1.4 — Raffle without replacement

(a) Stage 1: P(W) = 3/10, P(L) = 7/10. Stage 2 if Stage 1 was W: P(W | W) = 2/9, P(L | W) = 7/9. Stage 2 if Stage 1 was L: P(W | L) = 3/9, P(L | L) = 6/9.
(b) P(both W) = 3/10 × 2/9 = 6/90 = 1/15.
(c) P(both L) = 7/10 × 6/9 = 42/90 = 7/15. P(at least one W) = 1 − 7/15 = 8/15.

1.5 — Quiz guessing

(a) P(Q1 correct) = 1/4; P(Q2 correct) = 1/5.
(b) P(both correct) = 1/4 × 1/5 = 1/20. P(both wrong) = 3/4 × 4/5 = 12/20 = 3/5.
(c) P(exactly one correct) = (1/4 × 4/5) + (3/4 × 1/5) = 4/20 + 3/20 = 7/20.

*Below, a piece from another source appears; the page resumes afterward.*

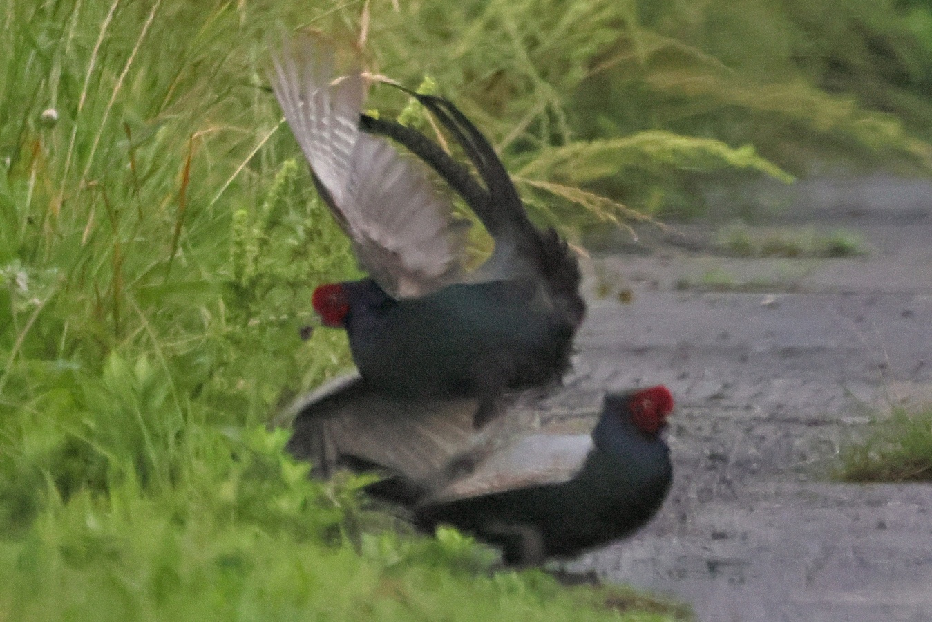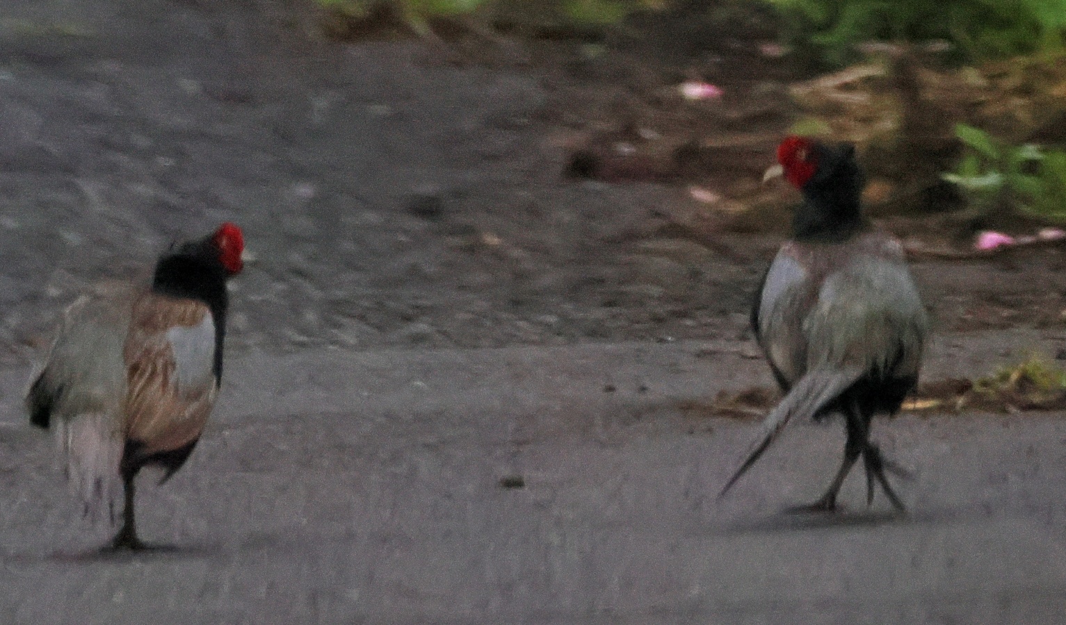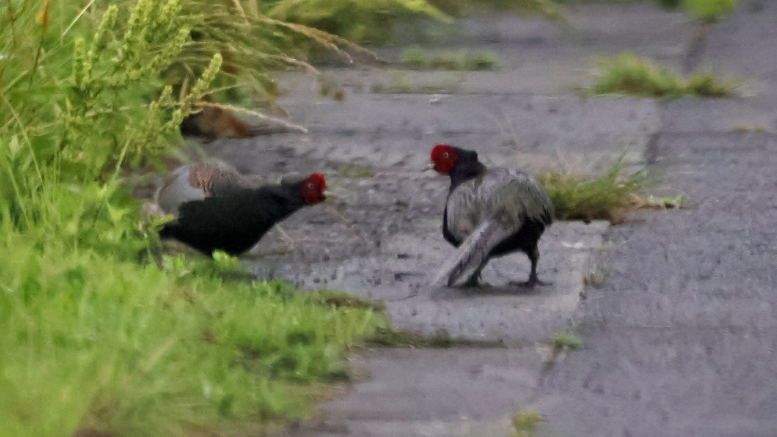 今朝は何時も居るキジの棲み処付近で2羽の♂のキジが縄張り争いか?バトルの最中でした。厚い雲に覆われ暗くてボケボケですが10分以上車の中から観察です!~♪

2.1 — Explain your thinking (sample response)

Your classmate's reasoning is correct only when the experiment is with replacement: the drawn item is returned before the next draw, so the bag is restored and the branch probabilities stay the same at every stage. When the experiment is without replacement, the item is NOT returned — both the denominator AND the numerator of the second-stage probability change depending on the first outcome. For a bag of 4 R and 1 B (5 marbles): with replacement, P(both R) = 4/5 × 4/5 = 16/25 = 0.64. Without replacement, after drawing 1 R, only 3 R and 1 B remain (4 marbles total), so the second-stage branch gives P(R | R) = 3/4. Therefore P(both R) = 4/5 × 3/4 = 12/20 = 3/5 = 0.60, which is LOWER than the with-replacement answer because we have used up one of the red marbles in the first draw.

Marking: 1 mark for "with replacement" condition; 1 mark for explaining what changes without replacement; 1 mark for correctly worked with-replacement value; 1 mark for correctly worked without-replacement value with comparison.